- [Exercise details]: Apart from the images, output the data below exactly.
..............................
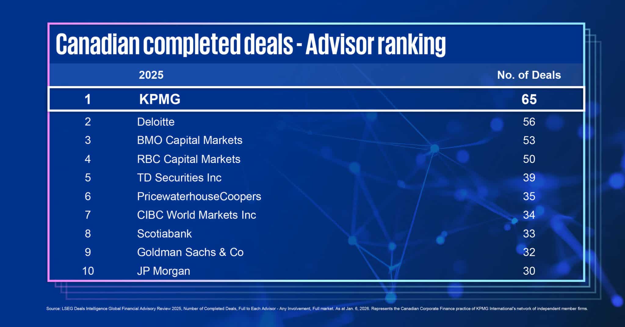 KPMG Canada ranked the No. 1 M&A advisor in 2025
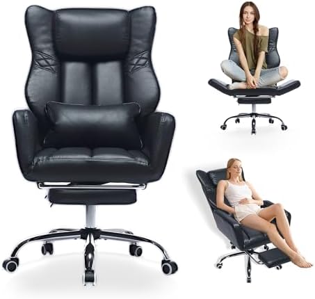 【Ergonomic Office Chair】This ergonomic leather office chair is designed according to the human body structure to provide strong support points f...
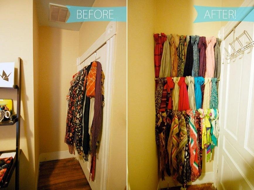 35. Use small tension rods to the make the most of tiny, blank spaces: I may have a bit of a scarf addiction. With practically nonexistent closet space, they were taking over the hooks on my bedroom door. Not only was it an eyesore, it was impossible to grab a coat or scarf without creating an avalanche of accessories. This weekend, I found a solution that was quick, inexpensive, and visually interesting. Check out the after, after the jump! (via Apartment Therapy)
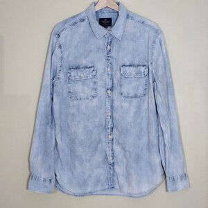 American Eagle Shirt Mens L Blue Collared Button Up LS Denim Faded Hippie Grunge
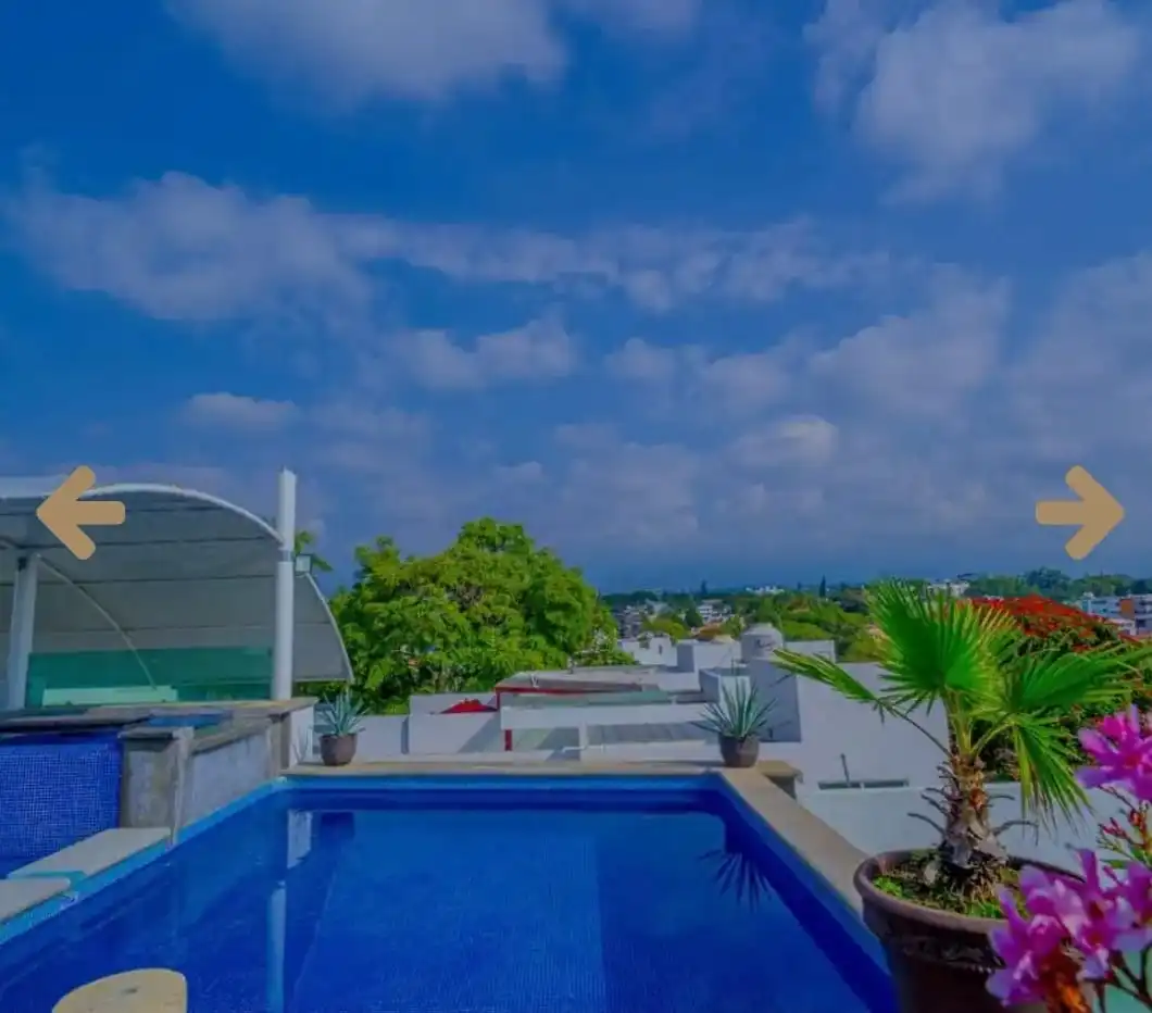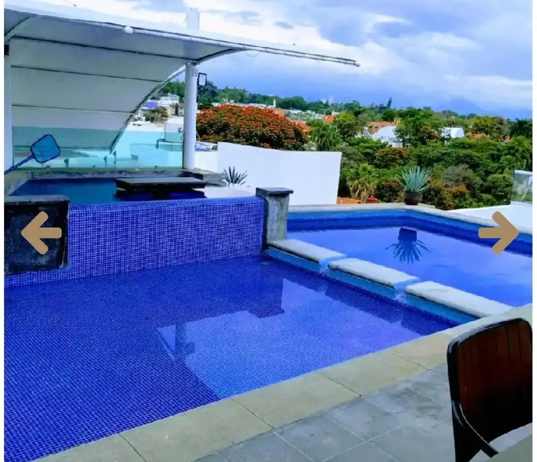 Departamento en plantaen primer piso, en planta baja están los estacionamientos, en privada con jardín, alberca, jacuzzi, arboles, terraza, asador, estanque y cascada. Tiene 2 recamaras, 2 baños, estudio, sala, comedor, cocina equipada, 2 estacionamientos,
..............................
- [Answer box]:
 KPMG Canada ranked the No. 1 M&A advisor in 2025
 【Ergonomic Office Chair】This ergonomic leather office chair is designed according to the human body structure to provide strong support points f...
 35. Use small tension rods to the make the most of tiny, blank spaces: I may have a bit of a scarf addiction. With practically nonexistent closet space, they were taking over the hooks on my bedroom door. Not only was it an eyesore, it was impossible to grab a coat or scarf without creating an avalanche of accessories. This weekend, I found a solution that was quick, inexpensive, and visually interesting. Check out the after, after the jump! (via Apartment Therapy)
 American Eagle Shirt Mens L Blue Collared Button Up LS Denim Faded Hippie Grunge
 Departamento en plantaen primer piso, en planta baja están los estacionamientos, en privada con jardín, alberca, jacuzzi, arboles, terraza, asador, estanque y cascada. Tiene 2 recamaras, 2 baños, estudio, sala, comedor, cocina equipada, 2 estacionamientos,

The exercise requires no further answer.